======== Stored data

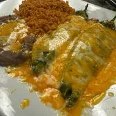 2 beef or cheese chiles rellenos. Served with rice and beans
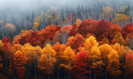 Autumn leaves changing colors in a serene forest during a bright afternoon
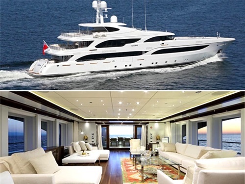 7. Du thuyền đơn giản nhất của tỷ phú Murdoch Tỷ phú Rupert Murdoch đã mua du thuyền này vào năm 2006. Hầu hết nội thất của nó được làm từ da sang trọng có màu sắc nhã nhặn, tinh tế, bàn ghế bằng gỗ cao cấp được thiết kế hoàn toàn bởi Christian Liaigre. Ngoài một dãy buồng ngủ hạng sang, du thuyền Murdoch được trang bị 2 phòng VIP giống nhau. Nó có sức chứa 12 khách và 10 thuỷ thủ. Vận tốc trung bình đạt được là 13 hải lý /giờ. |
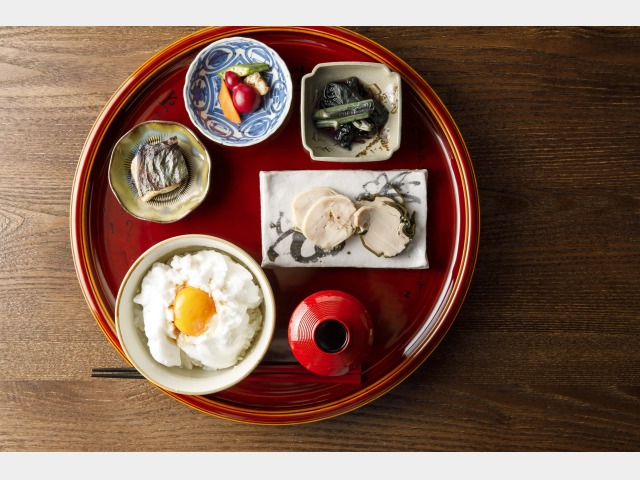 朝食【卵かけご飯セット】こだわりの「米屋」さんが選ぶ米を土鍋で炊き、能登鶏卵は白身をメレンゲ仕上げで

================

■ Work instructions
Return the data exactly. Do not carry over any images.

■ Solved problem
 2 beef or cheese chiles rellenos. Served with rice and beans
 Autumn leaves changing colors in a serene forest during a bright afternoon
 7. Du thuyền đơn giản nhất của tỷ phú Murdoch Tỷ phú Rupert Murdoch đã mua du thuyền này vào năm 2006. Hầu hết nội thất của nó được làm từ da sang trọng có màu sắc nhã nhặn, tinh tế, bàn ghế bằng gỗ cao cấp được thiết kế hoàn toàn bởi Christian Liaigre. Ngoài một dãy buồng ngủ hạng sang, du thuyền Murdoch được trang bị 2 phòng VIP giống nhau. Nó có sức chứa 12 khách và 10 thuỷ thủ. Vận tốc trung bình đạt được là 13 hải lý /giờ. |
 朝食【卵かけご飯セット】こだわりの「米屋」さんが選ぶ米を土鍋で炊き、能登鶏卵は白身をメレンゲ仕上げで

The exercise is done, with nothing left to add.